Subsequent to this meeting on November 22, 1954, in accordance with CFR 32, sec. 1660.20(d), Local Board No. 37, Simpson’s draft board in San Francisco, assigned him to work at a private place of employment. Simpson failed to comply with this order. The State Director sent his file to the National Headquarters of the Selective Service Board for consideration for prosecution, in accordance with CFR 32, sec. 1660.30. On January 24, 1955, the General Counsel of the National Headquarters of the Selective Service System wrote to the State Director informing him that prosecution would not be recommended, for the reason that the United States District Court for Connecticut had held on Noyember 12, 1954 that an involuntary assignment to work in private employment is not authorized by the Universal Military Training and Service Act, as amended. U. S. v. Copeland, D.C.Conn.1954, 126 F.Supp. 734. The letter continues as follows:

“* # * it is suggested that the local board reprocess this case, selecting another place of employment with a state, county, or municipal hospital or institution. After the local board has determined that such work is available, and is appropriate to be performed by this registrant, his cover sheet should be returned to this office with a request that the Director approve the issuance of a work order.”

Subsequently, on April 14, 1955, Local Board No. 37 assigned Simpson to work at the Mendocino State Hospital, Talmadge, California. Simpson failed to comply with this order and was thereupon indicted. The grounds of defendant’s argument are two:

1. He asserts that the letter from the General Counsel of the National Headquarters to the State Director of Selective Service, quoted above, constitutes an order to the local board requiring that board to reprocess his case ab initio. This argument is groundless. The General Counsel’s letter is advisory only, suggesting to the State Director the proper procedure to be followed under the provisions of Section 1660.20 of the Regulations. It adds nothing to those provisions or to the duties of the local board. Section 1660.20 provides for four steps to be taken by the local board, the last one of which is the issuance of an order to report to a place of employment. It was the local board’s designation on November 22, 1954 of an invalid place of employment, which caused it to fail to comply with Section 1660.20(d). On April 14, 1955, it corrected that error by designating a proper place of employment. There is nothing in Section 1660.-20 to suggest that the board was required to retrace all its earlier valid steps under the provisions of Section 1660.20.
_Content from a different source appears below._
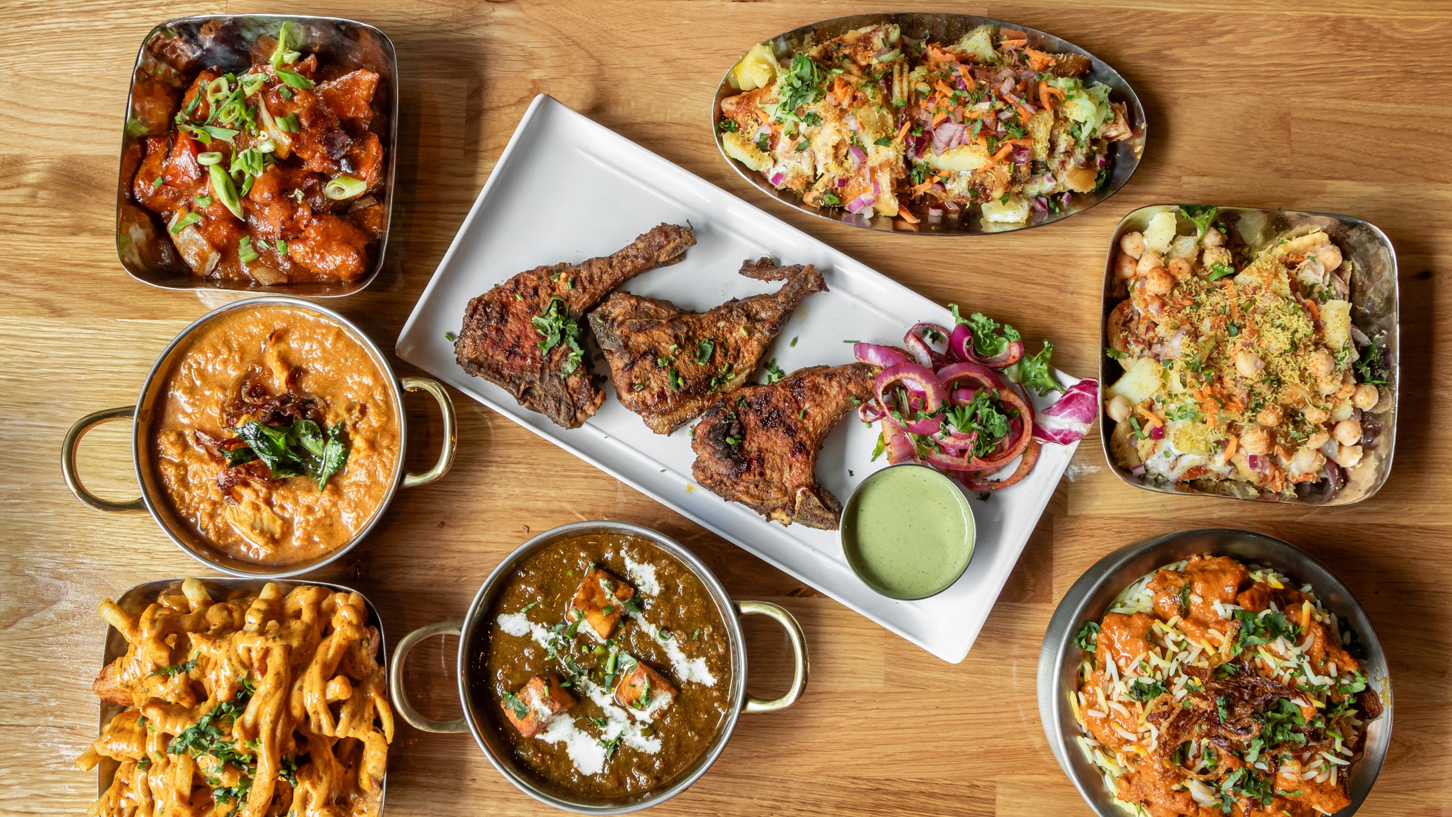 Gobi Manchurian, bhajis, Chole saag, bagara rice, aloo paratha, and mixed salad leaves.£32.76VeganThe Sharing Spice for Four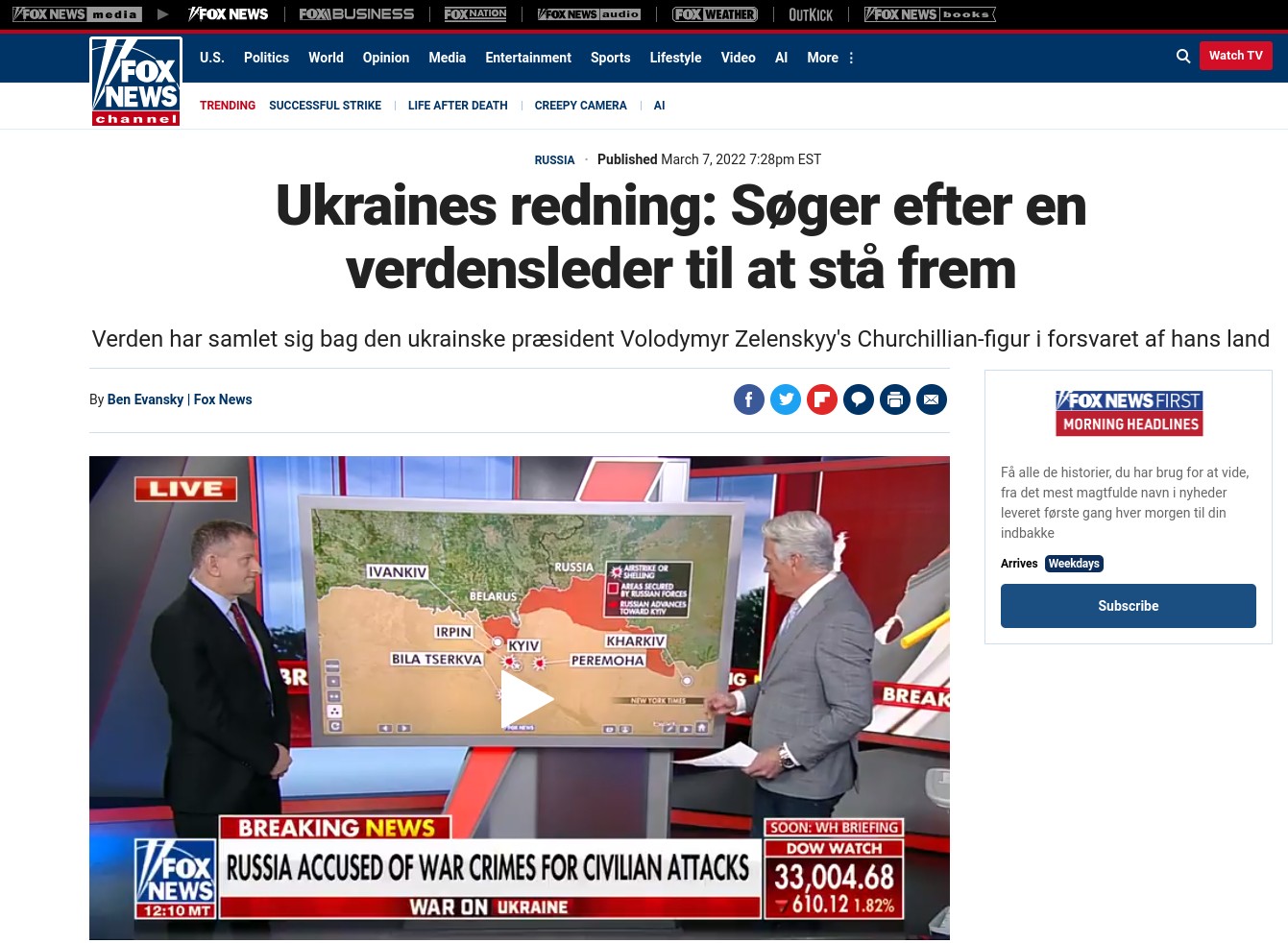 | “ | "Biden er ikke lederen af den frie verden lige nu, og for en amerikansk præsident at give afkald på den rolle er karrieretruende," siger Alan Mendoza, administrerende direktør for Henry Jackson Society i England, til Fox News Digital. Mendoza mener, at Boris Johnson er en verdensleder, der kunne være i stand til at udfylde tomrummet på verdensscenen, selv med en pinlig skandale under COVID-krisen, der bemærker hans imponerende lederevner... Andre verdensledere, der får en vis opmærksomhed på verdensscenen, omfatter den israelske premierminister Naftali Bennett. Bennett rejste til Moskva for et overraskende besøg hos Putin i weekenden. Bennett blev angiveligt givet velsignelsen af USA til mødet for at forsøge at mægle mellem de to sider. Israel har gode relationer til både Ukraine og Rusland, og Bennett ses som at have gode bånd til Zelenskyy, som han har været i konstant kontakt med de sidste par dage. Bennett fløj også for at møde den tyske kansler Olaf Scholz, inden han tog tilbage til Israel, ifølge Associated Press... Den tyske kansler Olaf Scholz er endnu et navn, der bliver nævnt som en person, der har indtaget en standpunkt omkring Rusland og ændret den mangeårige politiske kurs for sit land i forhold til dem. May fortalte Fox News Digital: "Det mest dramatiske skift, vi har set, er Tyskland. Olaf Scholz ser nu ud til at anerkende, at Putin udgør en trussel mod Tyskland og Den Europæiske Union." Men selvom Scholz har ændret sit lands efterkrigspolitik om ikke at levere dødbringende våben til krigszoner ved at tillade våben at blive sendt til Ukraine, så rapporterede Associated Press, at det inkluderede forsendelsen af 1000 anti-tank-våben og 500 Stinger overflade-til-luft-missiler.1 | ” |

2. Defendant also asserts that the local board failed to comply with the provisions of sec. 1660.20(b) when it submitted to the defendant three places of employment, one of which was improper by reason of being a private place of employment. This defect is amply cured, however, by the meeting of July 15, 1954, at which defendant was proffered a list, not of three, but of' all the approved places of employment in the United States. Defendant’s refusal even to consider the list at that time obviously made pointless any renewed proffer of three places by the local board. Defendant cannot have been prejudiced by this irregularity in the original proffer.

The defendant here has had more than ample opportunity to avail himself of a free choice of a place of employment to discharge himself of his obligation of service to the country. He has been given the widest choice which was within *805the power of the Selective Service System to offer, and he has failed to take advantage of it. He now seeks to defend on the ground of asserted procedural defects which could not possibly have detracted from the substance of the rights which Congress determined he shall have.

The Court being fully informed in the premises, the motion for acquittal is hereby denied. The Court finds the defendant guilty as charged.